Method for Finding the k-th Percentile ($P_k$) for Ungrouped Data:
Given a dataset of $n$ observations, follow these steps to find the $k$-th percentile ($P_k$):
Step 1: Arrange the data in ascending order (from smallest to largest). Let the ordered data points be $x_{(1)}, x_{(2)}, \dots, x_{(n)}$.
Step 2: Calculate the index or position of the $k$-th percentile using the formula:
$\text{Index } L = \frac{k}{100} \times n$
... (i)
Where $k$ is the desired percentile (e.g., 70 for the 70th percentile) and $n$ is the total number of data points.
Step 3: Determine the $k$-th percentile based on the calculated index $L$:
If $L$ is a whole number: The $k$-th percentile ($P_k$) is the average (mean) of the value at the $L$-th position and the value at the $(L+1)$-th position in the ordered dataset.
$\text{P}_k = \frac{x_{(L)} + x_{(L+1)}}{2}$
If $L$ is not a whole number: Round $L$ up to the nearest whole number. Let's call this rounded-up index $L'$. The $k$-th percentile ($P_k$) is the value at this $L'$-th position in the ordered dataset.
$\text{P}_k = x_{(L')}$ where $L' = \lceil L \rceil$
Percentile Rank
The Percentile Rank of a specific value $x$ in a dataset indicates the percentage of values in the dataset that are less than or equal to $x$. It tells us the standing of a particular score or value within the distribution.
To find the percentile rank of a value $x$ in a dataset of $n$ ordered values:
Step 1: Count the number of data points in the dataset that are less than or equal to $x$. Let this count be $C$.

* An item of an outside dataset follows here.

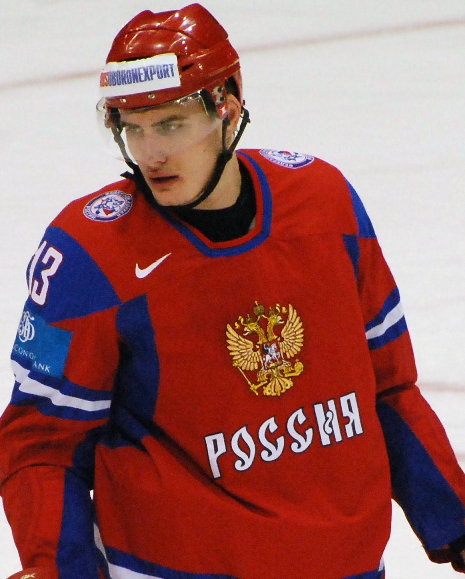 Maxim Kitsyn during a game at the 2010 World Junior Hockey Championships.

Step 2: Calculate the percentile rank using the formula:
$\text{Percentile Rank of } x = \frac{\text{Number of values } \leq x}{\text{Total number of values}} \times 100$
... (ii)
Or, using the count $C$:
$\text{Percentile Rank of } x = \frac{C}{n} \times 100$
The result is expressed as a percentage.
Example 1. Consider the following test scores of 10 students:
60 | 65 | 70 | 75 | 80 | 85 | 90 | 92 | 95 | 100 |
Find the 70th percentile ($P_{70}$) and the percentile rank of a score of 85.
Answer:
The given data represents the test scores of 10 students. The data is already arranged in ascending order: 60, 65, 70, 75, 80, 85, 90, 92, 95, 100.
The total number of data points is $n = 10$.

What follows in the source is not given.